Jack West, MD: Well, I would say that I think you can only take them as far as they were tested, which is after initial targeted therapies, and saying that in patients who have received an EGFR inhibitor, ALK inhibitor, or more and then are progressing and candidates for chemotherapy-based treatment, it could be a good way to integrate immunotherapy into that in a setting where historically we’ve seen very disappointing results for immunotherapy as monotherapy in the later-line setting. Greg?

Gregory J. Riely, MD, PhD: Yes, and I think this trial looked at that question of first-line chemotherapy and included people who had had TKIs beforehand. And this addresses the question we face in clinic of that patient who got 2 years on osimertinib and then they’ve progressed. What do we do with that patient? And this trial enrolled that patient, which is not particularly with osimertinib but with prior TKI use. And so, I’m glad they enrolled that patient. I’m glad that we have them in this. I have to say I’m not convinced by the data I’ve seen that this is somehow magically better for that group of patients. It’s not clear that this quadruplet is somehow particularly effective for the EGFR-mutant patient or for an ALK-positive patient. We haven’t seen those curves broken out specifically to look at just EGFR-mutant patients, and we haven’t seen even a table showing characteristics of these patients.
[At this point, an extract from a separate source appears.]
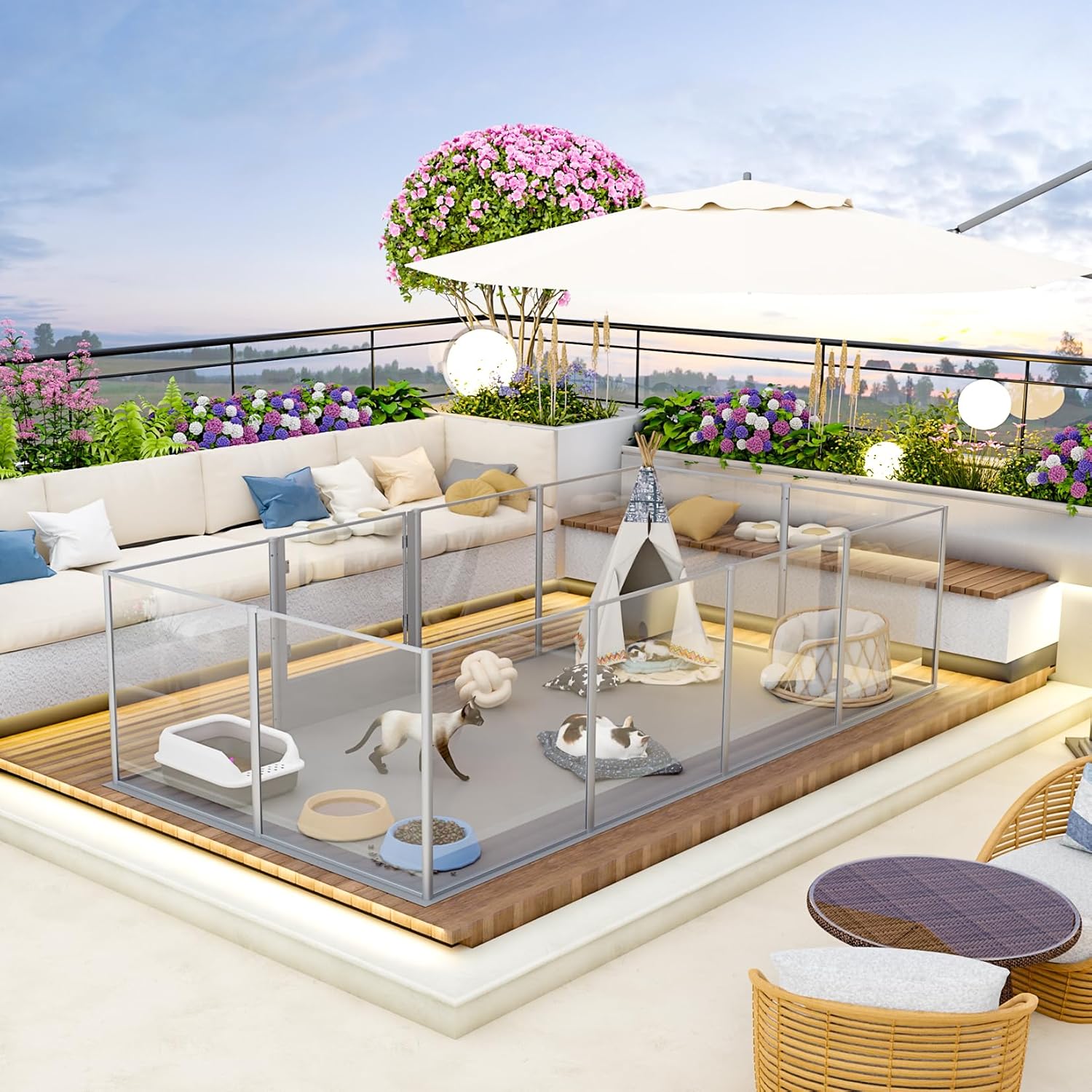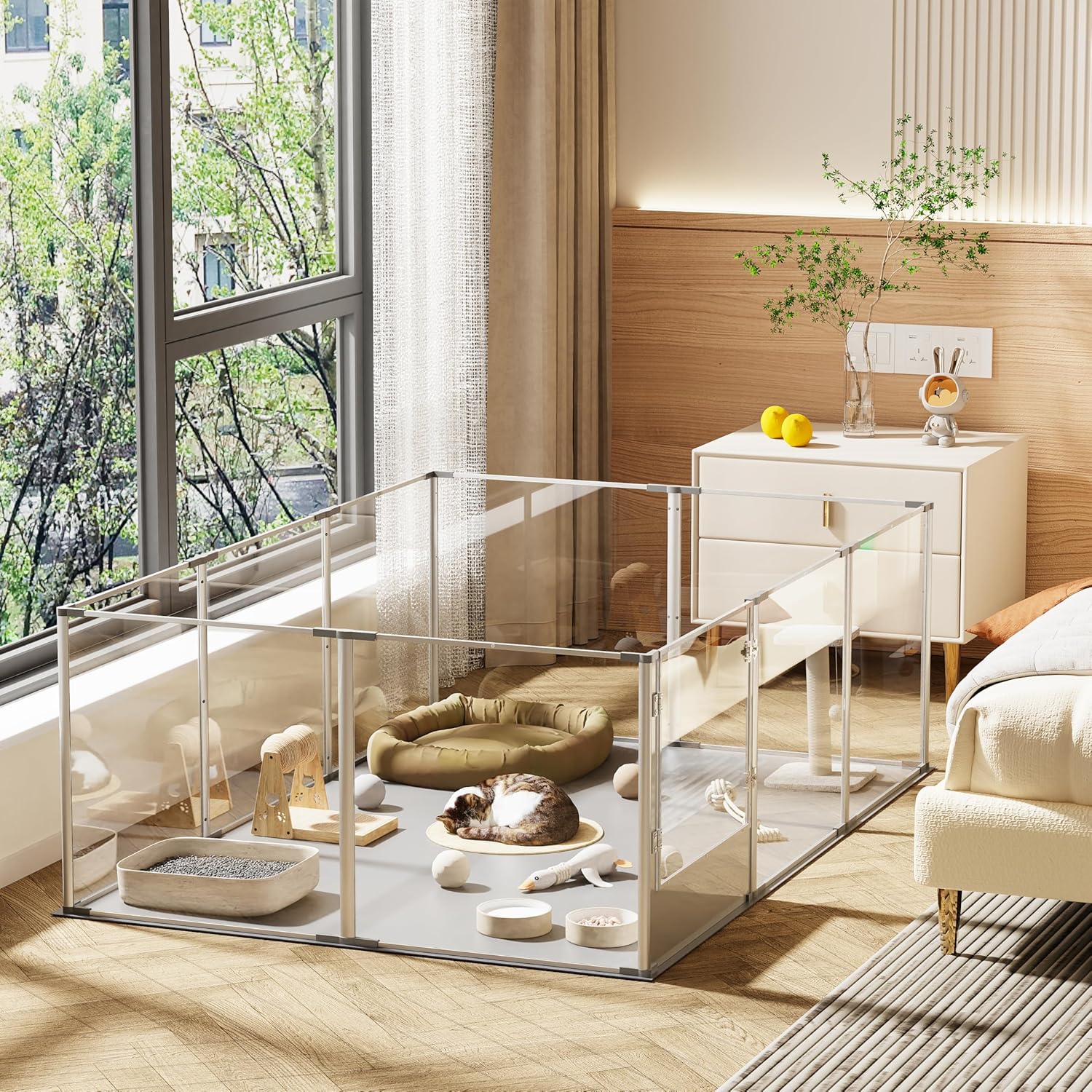 - Clear Acrylic Fence Design - Crystal-clear acrylic dog fence playpen enables you can interact with your pets closely, 360°high transparency and wide vision, itâll relieve your pets from anxiety, they also make sure you are by their side, equipped with a door for dog mom/ pets to come and go easily, so this is a unique gift for your loved friends, get this fence in the room, instantly upgrade your home space

Was there an imbalance in EGFR exon 19 deletions? We don’t know.

Jack West, MD: Much more to learn. And, in fact, in the New England Journal of Medicine publication, that was really not even covered.

Gregory J. Riely, MD, PhD: Right.

Jack West, MD: What is notable, Dr. Socinski presented a bit on this amidst a lot of other data at ASCO. And it was interesting that the 4-drug combination with bevacizumab was superior to chemotherapy/bevacizumab, but chemotherapy with atezolizumab without the bevacizumab was not that beneficial. And it raises the question of how much the bevacizumab is contributing. It raises the question of whether this might be a specific regimen that is uniquely beneficial for these patients but still leaves plenty of questions. Another issue was the liver metastases that were called out, and I think a lot of us are suspicious that that is not that specific to this regimen but it was a highlighted subset.

Jared Weiss, MD: To dovetail on your point about regimen choice, if I can talk about something other than immunotherapy for just a moment, I don’t like to give frontline patients paclitaxel. If you look at the EGFR and ALK subgroups, this is a population expected to live a lot longer, and so I prefer to avoid the use of a taxane as part of their first-line regimen because I don’t want them to live with neuropathy for the rest of their lives. Pemetrexed is a very well tolerated agent. I think it’s become beloved in the thoracic community, far in excess of what the toxicity tables represent because of what we’re hearing from patients about how they feel. And it may be a little bit mundane, but I’m pretty attached to using a nontaxane frontline regimen for these nonsquamous patients. And that’s also a limitation…

Jack West, MD: Well, I think that with what is emerging as a range of options of chemotherapy backbones and immunotherapy agents in various combinations, just like we’ve had various doublet combinations available for decades before this, it is fair to just say these will all work reasonably comparably well, while you’ve got to choose one. My view is, at least in the groups that are not EGFR or ALK, you don’t get anything from the IMpower150 regimen except for hair loss and neuropathy compared with KEYNOTE-189 for essentially a very overlapping population.